No, it's OT. There were like two off-hand comments in the OP. I can respect that you disagree, but since it's npot the topic of the thread, so I don't really care to hear it. I'm not the one who keeps bringing it up, i just keep shooting it down, since all anybody does is put their words into my mouth and take things out of context. But as long as you people keep bringing it up, I'm going to keep shooting down your illogic. I'm not the one pushing opinions. YOU people keep jumping on MY thread and commenting on stuff that isn't really the main thrust, just PART of my angle on it, side-comments I made. You SHOULD however instead be able to just sit down and be quiet. GOD FORBID ANYBODY SHOULD HAVE AN OPINION ON SOMETHING AND YOU NOT COMMENT ON IT.
Well, she didn't not want to dance with me, like i had said *end not-paying-attention *start try-reading
Yes, please leave, if you can't endlessly gripe about a differing opinion. GOD FORBID THERE BE AN OPINION YOU DON'T COMMENT ON. God forbid you read an opinion you don't like and just leave it alone. it isn't the OT, so you should be able to, but you've got some kind of tick and no etiquette, so you don't. But as long as people twist my words and put them out of context and use faulty logic I'm going to respond
Edwin, I am going to suggest you cool down before the moderators decide to remove you all together from DF. Mods have been patient, and the members have been to the point, hoping that you might play nice and join the community instead of cursing, calling names, and snaping at others. Please don't post again in such a manner or you will be removed. I am stating this as nicely as possible. There is no personal offense intended, just a minimum standard of conduct that we all must abide by.

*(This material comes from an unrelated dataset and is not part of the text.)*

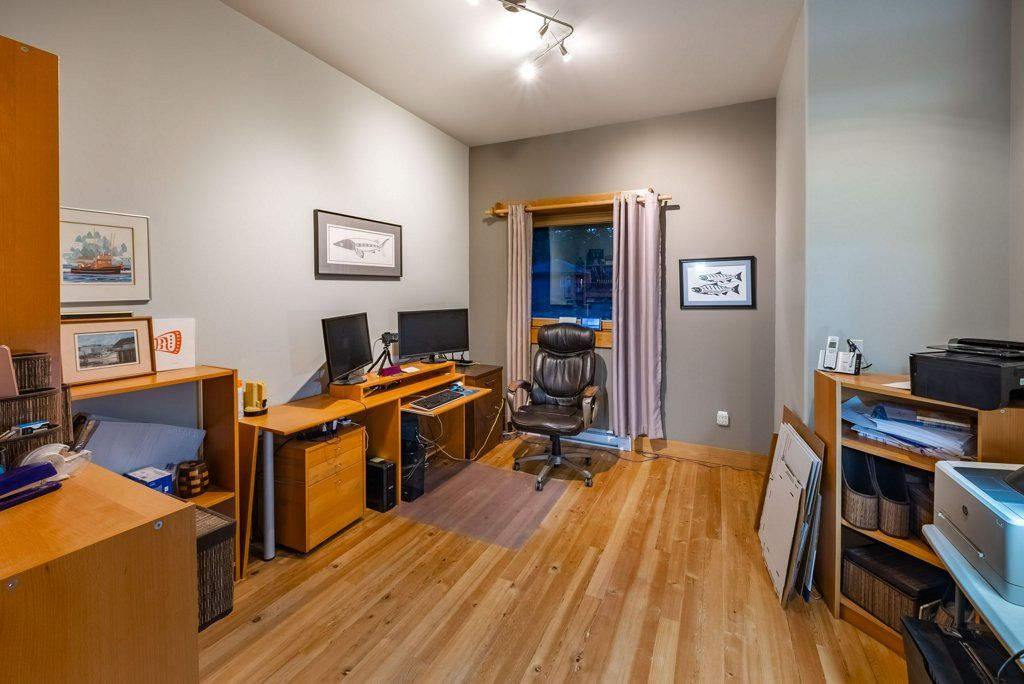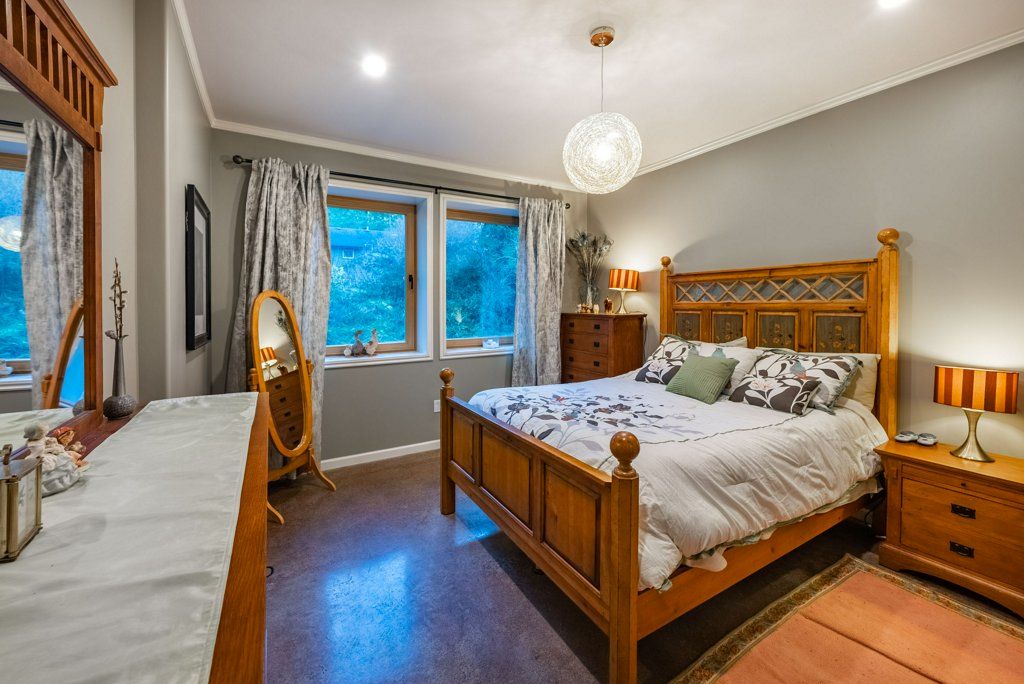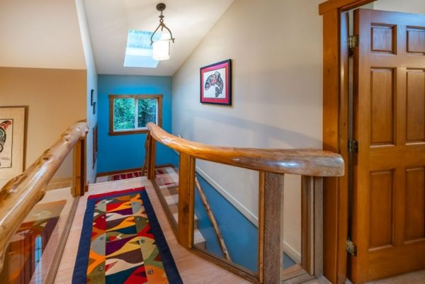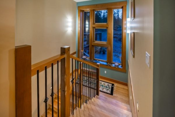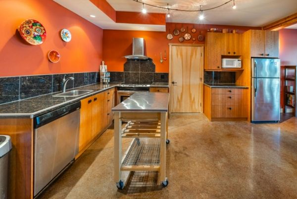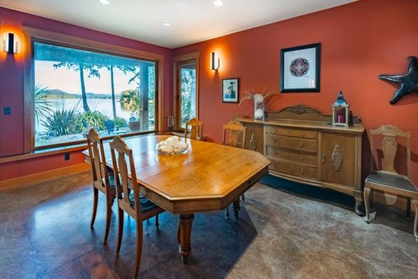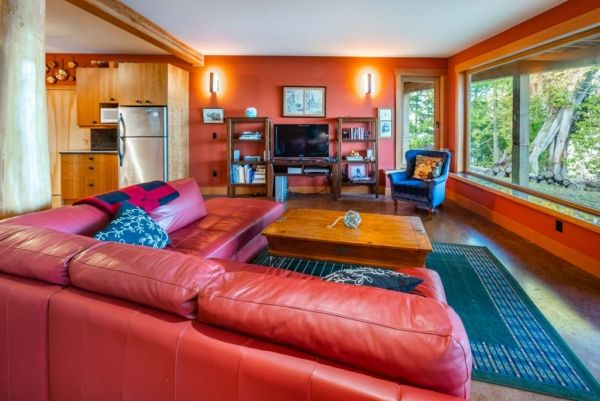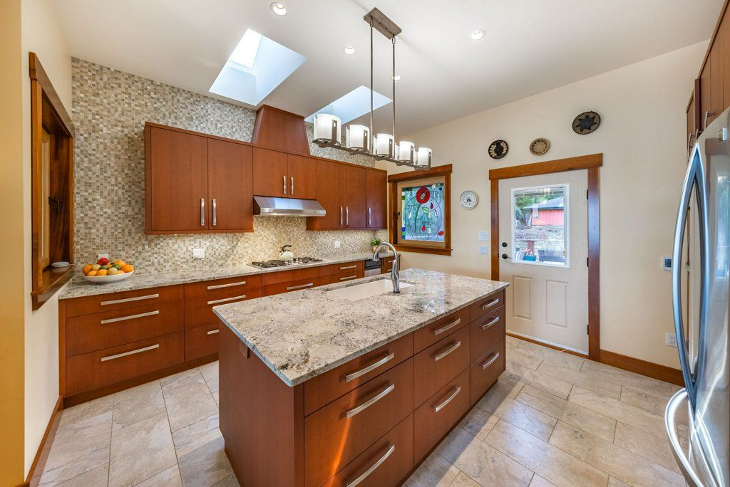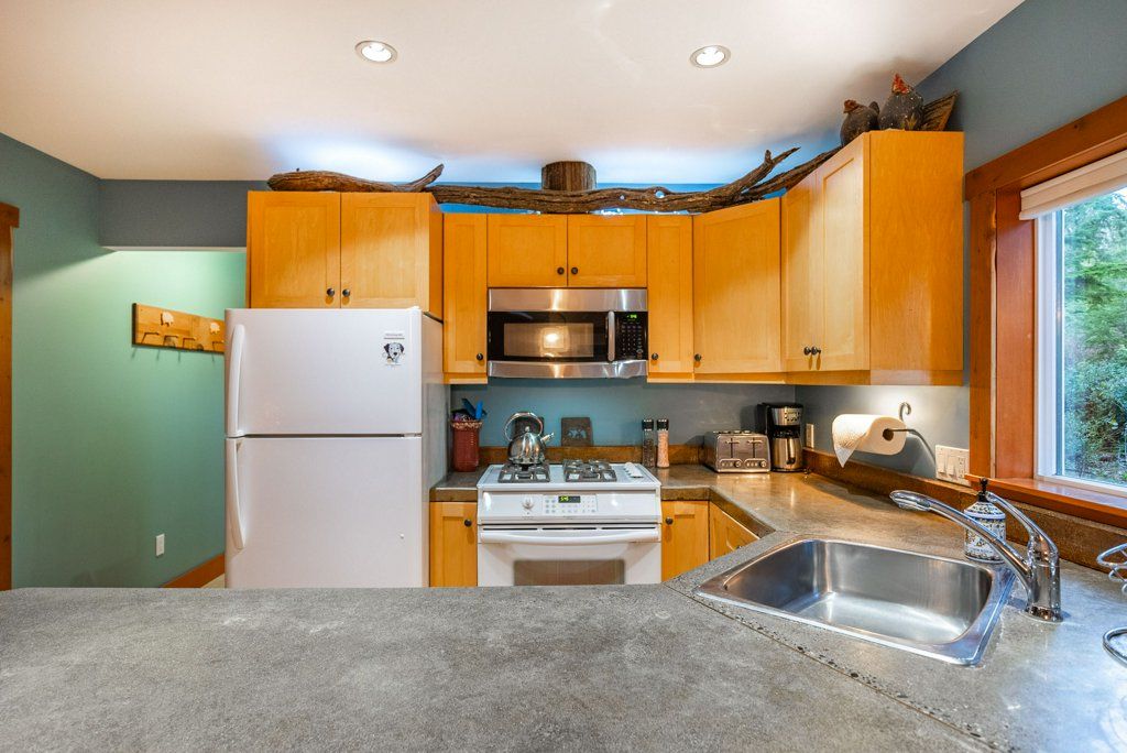 The lower walkout level of the main house features 9ft ceilings, and large picture windows with great views of the ocean. Heated by radiant floor heating throughout, the concrete floors are complemented by the wood pillar features in the center of the room. The spacious main area has a full kitchen open to the large recreational room, a perfect space for parties. There are also 2 bedrooms and a full bathroom on this level.

Jive is the fast version of swing to put it simply. The brits saw ECS and decided to take it to 11. http://www. youtube. com/watch?v=fDtBtolNgP8 this is a video of a great professional doing jive. All the swings with tripple steps (ECS, WCS, and jive) came from lindy hop back in the day and evolved because of culture they were influenced by
precisely...threads rarely go astray here unless the way the messenger chooses to deliver the message is offensive and beneath the tone that this forum chooses to operate within...which includes brash and careless language, virtual shouting and complete resistance to the responses of others (all to be determined by staff)...when one chooses that tone and maintains that it is acceptable as merely citing an opinion, it is going to be heartily rejected by this community and is going to obscure and detract from whatever value the original content may have possessed...so, I echo Larinda's caution, since all relevant points have been addressed, it is best for us all to move on...any other concerns about the handling of this thread can go to the mailbox or will be deleted... and persons who insist upon disregarding these cautions will recieve consequences
As for triple vs. single, I started with triple. We did not immediately attempt to do it at tempo, but as anyone can pick up single time in about five minutes at a party, and that's almost the only time you'll ever need it, it wasn't a particularly useful way to spend paid time.